- **Exercise**: Retype the entries exactly, but skip the pictures.

[Stored records]
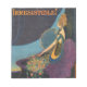 Diseño Art Decó de una mujer con una ducha de flores y la leyenda "¡Irresistible!" Púrpura colorido, azul y dorado. Vintage Mavis Perfume.
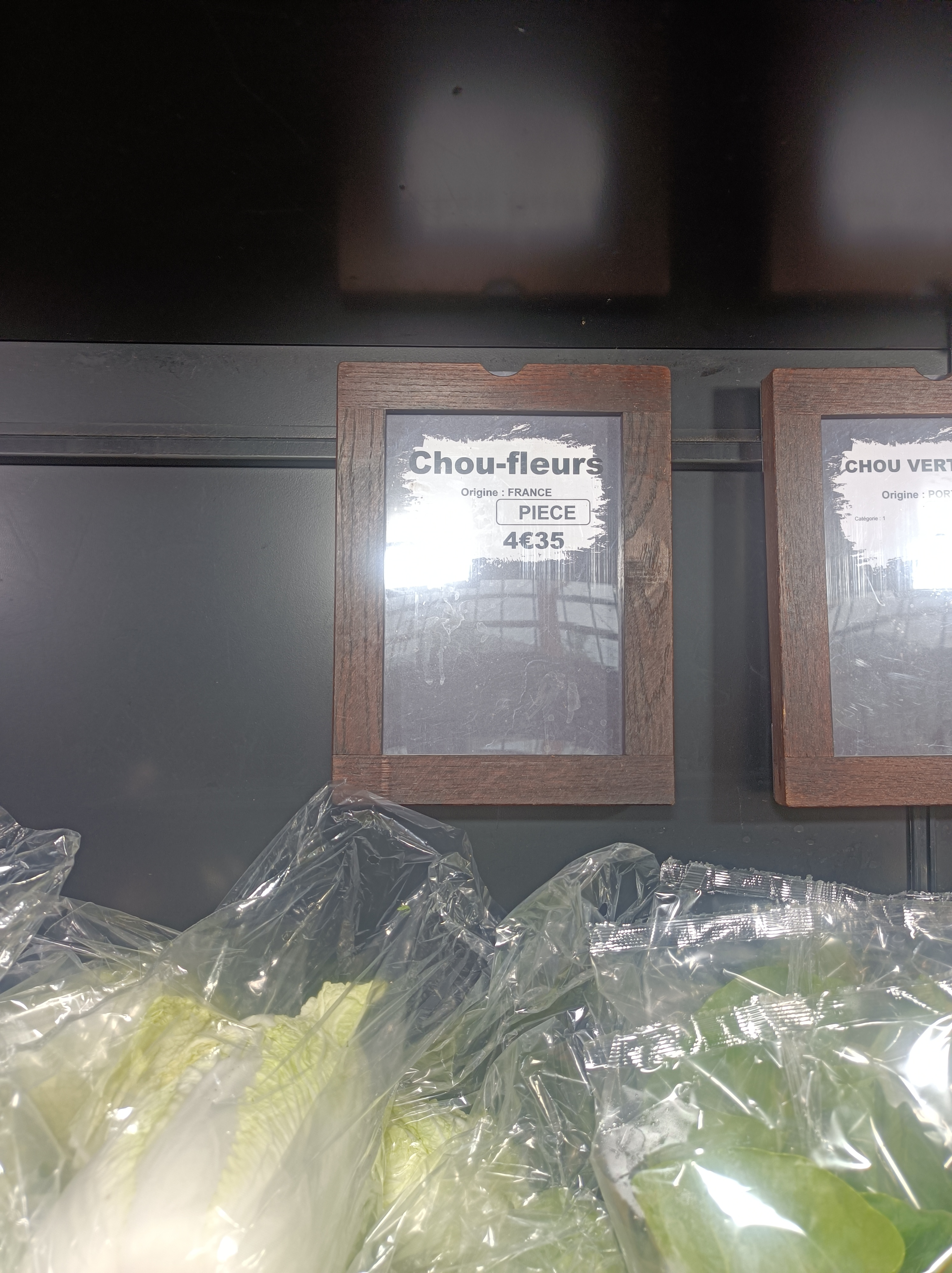 Plus de 4 euros le choux fleurs .... Sans rire ??? Sachant qu'à Côté Halles on le trouve a 2 euros et a Intermarché a 2.50 euros .... Une honte ils ont augmentés les fruits et légumes d'une force . 6.30 euros pour une barquette de raisins qu'on trouve a 4 euros ailleurs .... Et tout ça vient de France ..... Incroyable
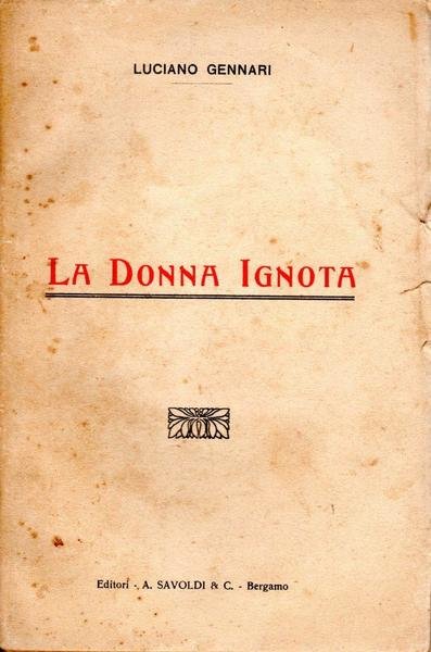 La donna ignota, edizione 1921, pp. 110, formato 13 x 19,5. <BR>Copertina morbida di colore beige con titoli in nero e rosso al piatto anteriore e sul dorso. <BR>Piatti bruniti. Pagine ingiallite a causa dell'età. Nel complesso buone condizioni.
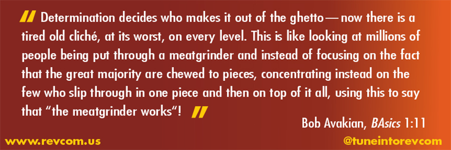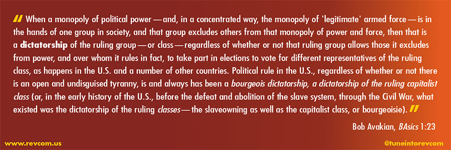 Every week, REVCOM.US features quotes from BAsics, by Bob Avakian, the handbook for revolution. This week we have a set of six quotes, which are available as a slide show as well as on a page where they can be read. We encourage Revolution Clubs and other readers, everywhere, to take the time to discuss the quotes—the whole quotes—and to write us at revolution.reports@yahoo.com with accounts of these discussions, or thoughts provoked in yourself by reading the quotes.
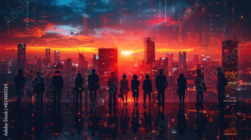 A dynamic movie poster showing a group of diverse business professionals standing united in front of a futuristic cityscape, glowing with opportunity

- **Your response**:
 Diseño Art Decó de una mujer con una ducha de flores y la leyenda "¡Irresistible!" Púrpura colorido, azul y dorado. Vintage Mavis Perfume.
 Plus de 4 euros le choux fleurs .... Sans rire ??? Sachant qu'à Côté Halles on le trouve a 2 euros et a Intermarché a 2.50 euros .... Une honte ils ont augmentés les fruits et légumes d'une force . 6.30 euros pour une barquette de raisins qu'on trouve a 4 euros ailleurs .... Et tout ça vient de France ..... Incroyable
 La donna ignota, edizione 1921, pp. 110, formato 13 x 19,5. <BR>Copertina morbida di colore beige con titoli in nero e rosso al piatto anteriore e sul dorso. <BR>Piatti bruniti. Pagine ingiallite a causa dell'età. Nel complesso buone condizioni.
 Every week, REVCOM.US features quotes from BAsics, by Bob Avakian, the handbook for revolution. This week we have a set of six quotes, which are available as a slide show as well as on a page where they can be read. We encourage Revolution Clubs and other readers, everywhere, to take the time to discuss the quotes—the whole quotes—and to write us at revolution.reports@yahoo.com with accounts of these discussions, or thoughts provoked in yourself by reading the quotes.
 A dynamic movie poster showing a group of diverse business professionals standing united in front of a futuristic cityscape, glowing with opportunity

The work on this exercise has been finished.